In general, I strongly recommend using this over the "industry standard" Python-based setup, as the overheads of 1GB+ of random dependencies and interpreted language do tend to build up in ways beyond what shows up in benchmarks

Very true. Playing around with stable diffusion has made the impossible - made my windows seize up over memory, actual app crashes & need to restart the system more than every three weeks when the inevitable update happens.

I had to download rammap from sysinternals because it could delete leaked memory a1111 spilled in gigabytes every time a model was being swapped. Every ~50 mb of pics generated it will need restarting.

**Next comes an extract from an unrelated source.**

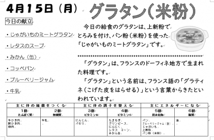 「コッペパン・ブルーベリージャム」、牛ひき肉・豚ひき肉・たまねぎ・グリンピースたっぷりの「じゃがいものミートグラタン」、鶏肉とレタス・にんじん・コーン・パセリなどの「レタスのスープ」、「みかん」などをおいしくいただきました。

Maybe I should go to comfyUI.

Thanks! Do you use it?

Yes, though I haven't paid attention to it in about half a year so I couldn't answer what the capabilities of the best models are nowadays. My general sense was that performance of the "reasonably-sized" models (of the kind that you could run on a standard-architecture laptop, perhaps up to 14B?) has stagnated somewhat, as the big research budgets go into higher-spec models and the local model community has structural issues (inadequate understanding of machine learning, inadequate mental model of LLMs, inadequate benchmarks/targets). That is not to say they aren't useful for certain things; I have encountered 7B models that could compete with Google Translate performance on translating some language pairs and were pretty usable as a "soft wiki" for API documentation and geographic trivia and what-not.